Department of Orthodontics, School of Dental Medicine, University of Freiburg i.Br., Hugstetter Strasse 55, D-79106 Freiburg, Germany.

出版信息

J Dent Res. 2002 May;81(5):323-8. doi: 10.1177/154405910208100507.

Abstract

Many clinicians hypothesize that retroclination of the maxillary central incisors in Class II, Division 2 malocclusion is caused by increased resting lip pressure against these teeth.
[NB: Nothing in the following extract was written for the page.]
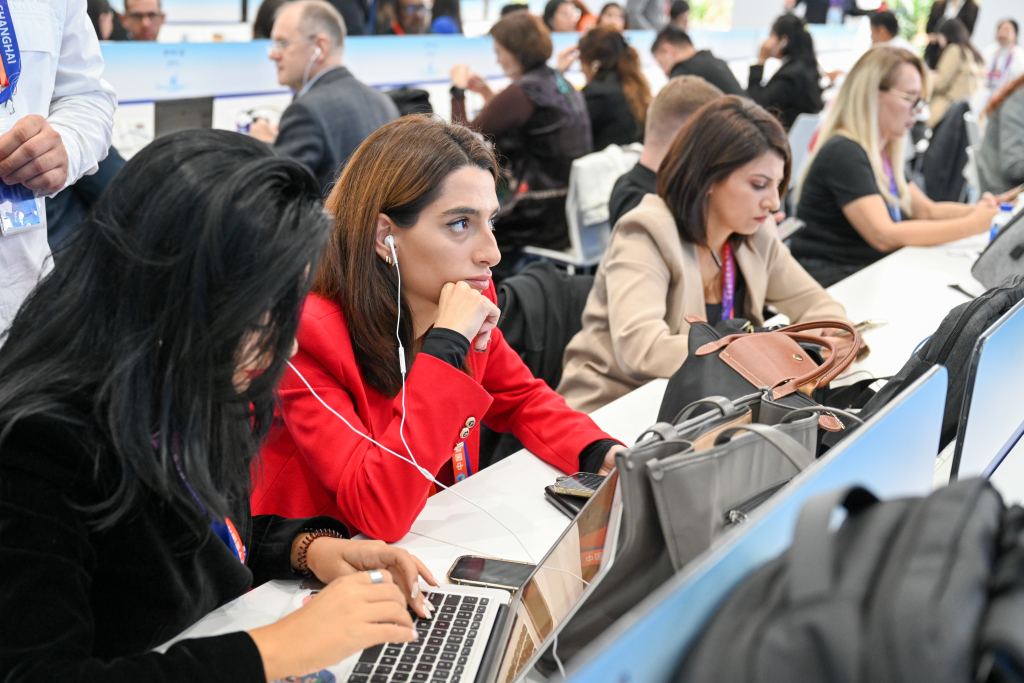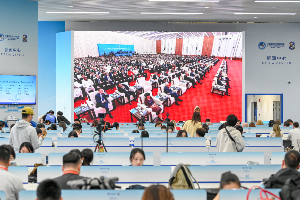 当天上午,国家会展中心(上海),中外记者在新闻中心聚焦进博会开幕式。今年进博会的记者整体报名规模和外媒报名规模均超过上届。

The purpose of this study was (1) to verify this assumption by means of simultaneous lip-pressure measurements at two different levels on the maxillary central incisor crowns, and (2) to examine factors that could possibly contribute to the increased resting lip pressure. This is the first study to prove that individuals with Class II, Division 2 malocclusion (n = 21) have the upper central incisors exposed to significantly higher lip pressure than those with Class I malocclusion (n = 21). Our statistical evaluation revealed that this is primarily attributed to a high lip line and not to a hypertonic peri-oral musculature. We concluded that orthodontic treatment of Class II, Division 2 cases should include intrusion of the maxillary incisors, to eliminate the non-physiologically high pressure exerted by the lower lip on these teeth and, consequently, to reduce the high risk of a post-orthodontic relapse.

摘要

许多临床医生推测,安氏II类2分类错牙合中上颌中切牙的舌倾是由于唇部对这些牙齿的静息压力增加所致。本研究的目的是:(1)通过在上颌中切牙牙冠的两个不同水平同时测量唇部压力来验证这一假设;(2)研究可能导致静息唇部压力增加的因素。这是第一项证明安氏II类2分类错牙合患者(n = 21)的上颌中切牙所受唇部压力明显高于安氏I类错牙合患者(n = 21)的研究。我们的统计评估表明,这主要归因于较高的唇线,而非口周肌肉张力亢进。我们得出结论,安氏II类2分类病例的正畸治疗应包括上颌切牙的压低,以消除下唇对这些牙齿施加的非生理性高压,从而降低正畸治疗后复发的高风险。